DATA RECORDS Start Marker

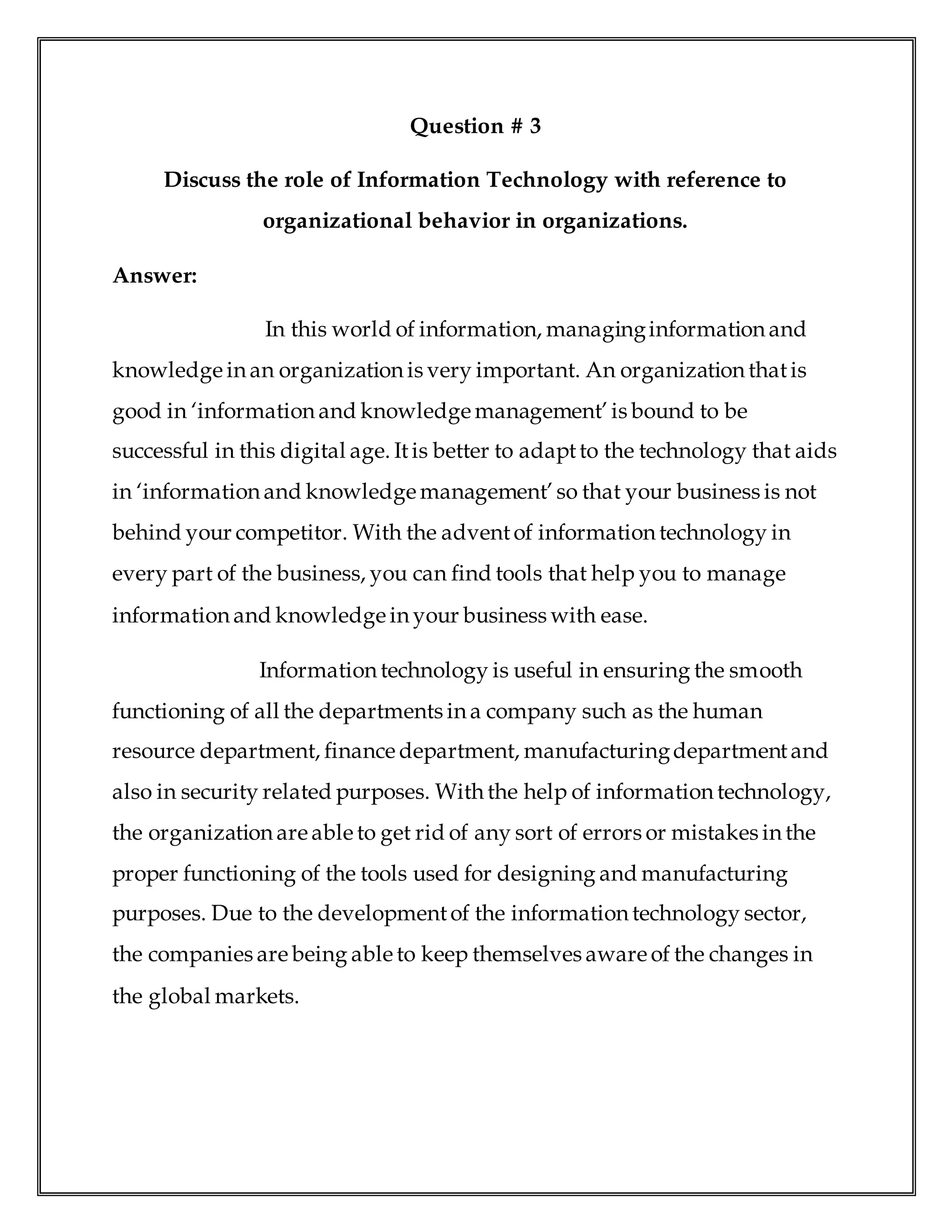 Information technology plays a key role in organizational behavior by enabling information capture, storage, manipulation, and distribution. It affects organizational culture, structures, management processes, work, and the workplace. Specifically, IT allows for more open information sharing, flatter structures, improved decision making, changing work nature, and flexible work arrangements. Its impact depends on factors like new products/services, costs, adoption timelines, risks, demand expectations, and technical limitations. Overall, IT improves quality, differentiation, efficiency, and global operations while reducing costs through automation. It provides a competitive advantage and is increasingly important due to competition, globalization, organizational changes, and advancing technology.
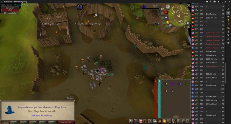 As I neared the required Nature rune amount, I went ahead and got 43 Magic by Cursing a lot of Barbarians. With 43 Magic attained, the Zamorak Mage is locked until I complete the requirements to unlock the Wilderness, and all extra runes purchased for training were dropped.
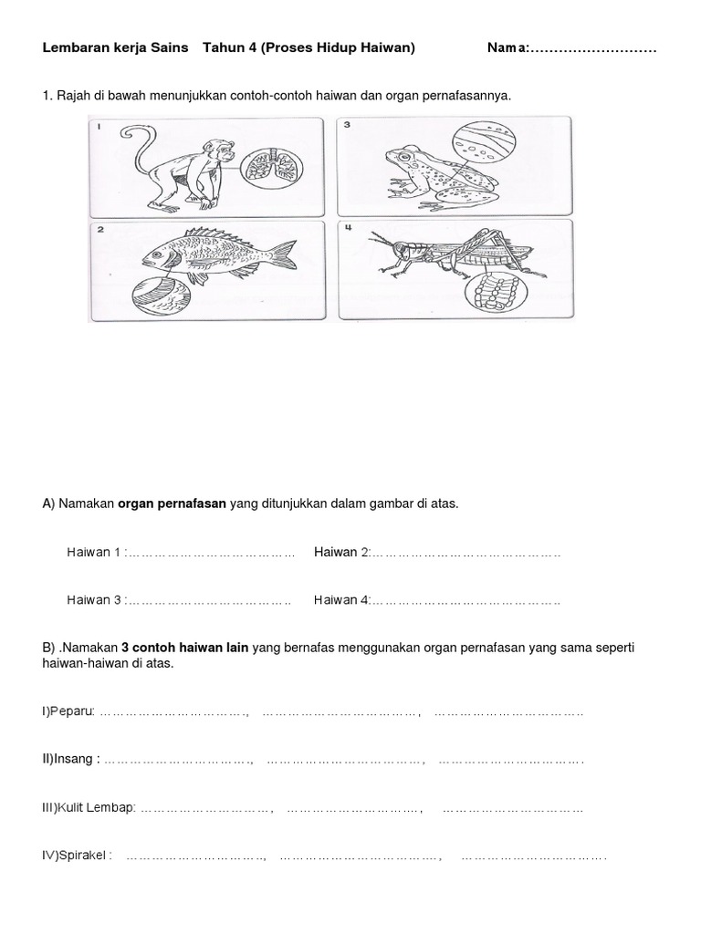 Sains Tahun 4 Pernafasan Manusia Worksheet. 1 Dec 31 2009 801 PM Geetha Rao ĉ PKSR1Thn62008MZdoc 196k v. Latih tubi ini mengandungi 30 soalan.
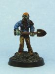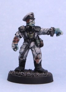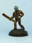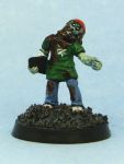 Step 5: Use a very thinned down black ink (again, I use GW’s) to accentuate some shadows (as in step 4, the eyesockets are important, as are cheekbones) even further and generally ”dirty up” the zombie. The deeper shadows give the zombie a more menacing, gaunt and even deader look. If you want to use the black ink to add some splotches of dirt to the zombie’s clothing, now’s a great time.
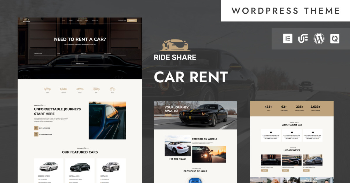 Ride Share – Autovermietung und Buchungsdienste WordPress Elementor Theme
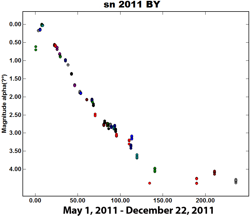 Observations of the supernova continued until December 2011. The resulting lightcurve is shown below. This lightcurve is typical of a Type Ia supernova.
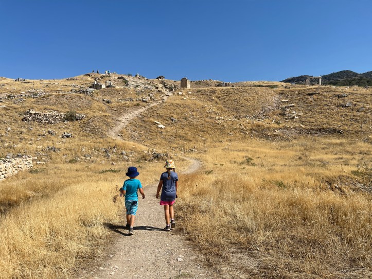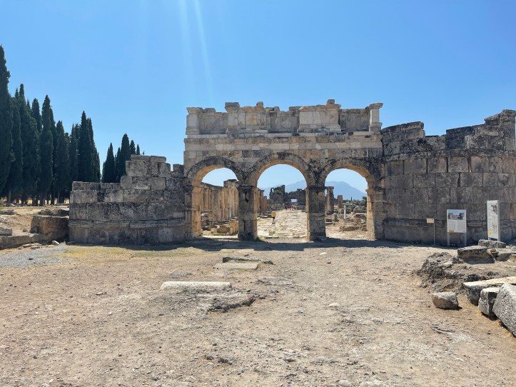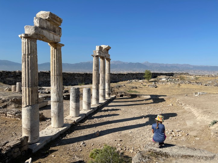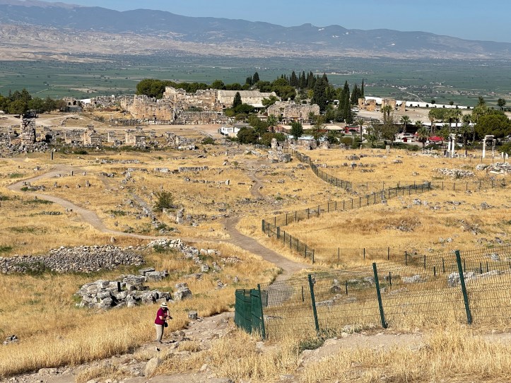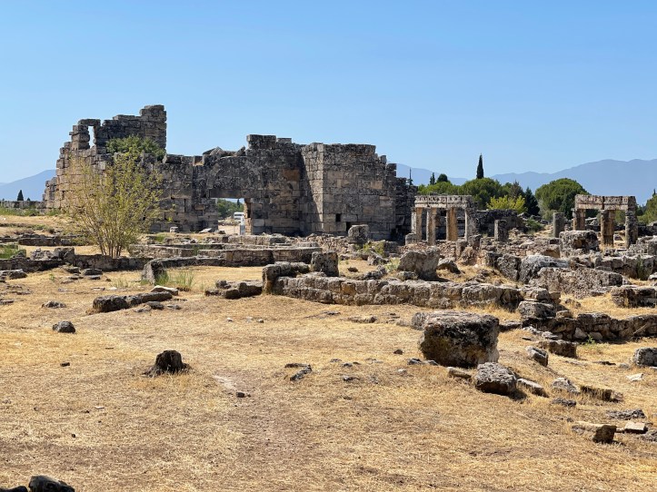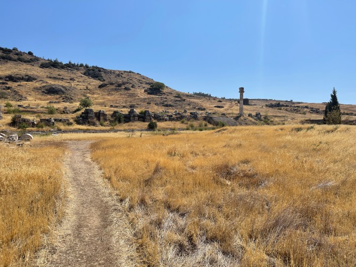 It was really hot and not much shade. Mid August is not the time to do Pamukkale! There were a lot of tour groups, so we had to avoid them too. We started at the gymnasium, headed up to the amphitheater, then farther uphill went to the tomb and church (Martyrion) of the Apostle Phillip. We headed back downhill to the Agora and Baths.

DATA RECORDS End Marker

#### WHAT YOU HAVE TO DO
The reply should hold every record, unchanged, and no pictures.

#### FINISHED TASK
 Information technology plays a key role in organizational behavior by enabling information capture, storage, manipulation, and distribution. It affects organizational culture, structures, management processes, work, and the workplace. Specifically, IT allows for more open information sharing, flatter structures, improved decision making, changing work nature, and flexible work arrangements. Its impact depends on factors like new products/services, costs, adoption timelines, risks, demand expectations, and technical limitations. Overall, IT improves quality, differentiation, efficiency, and global operations while reducing costs through automation. It provides a competitive advantage and is increasingly important due to competition, globalization, organizational changes, and advancing technology.
 As I neared the required Nature rune amount, I went ahead and got 43 Magic by Cursing a lot of Barbarians. With 43 Magic attained, the Zamorak Mage is locked until I complete the requirements to unlock the Wilderness, and all extra runes purchased for training were dropped.
 Sains Tahun 4 Pernafasan Manusia Worksheet. 1 Dec 31 2009 801 PM Geetha Rao ĉ PKSR1Thn62008MZdoc 196k v. Latih tubi ini mengandungi 30 soalan.
 Step 5: Use a very thinned down black ink (again, I use GW’s) to accentuate some shadows (as in step 4, the eyesockets are important, as are cheekbones) even further and generally ”dirty up” the zombie. The deeper shadows give the zombie a more menacing, gaunt and even deader look. If you want to use the black ink to add some splotches of dirt to the zombie’s clothing, now’s a great time.
 Ride Share – Autovermietung und Buchungsdienste WordPress Elementor Theme
 Observations of the supernova continued until December 2011. The resulting lightcurve is shown below. This lightcurve is typical of a Type Ia supernova.
 It was really hot and not much shade. Mid August is not the time to do Pamukkale! There were a lot of tour groups, so we had to avoid them too. We started at the gymnasium, headed up to the amphitheater, then farther uphill went to the tomb and church (Martyrion) of the Apostle Phillip. We headed back downhill to the Agora and Baths.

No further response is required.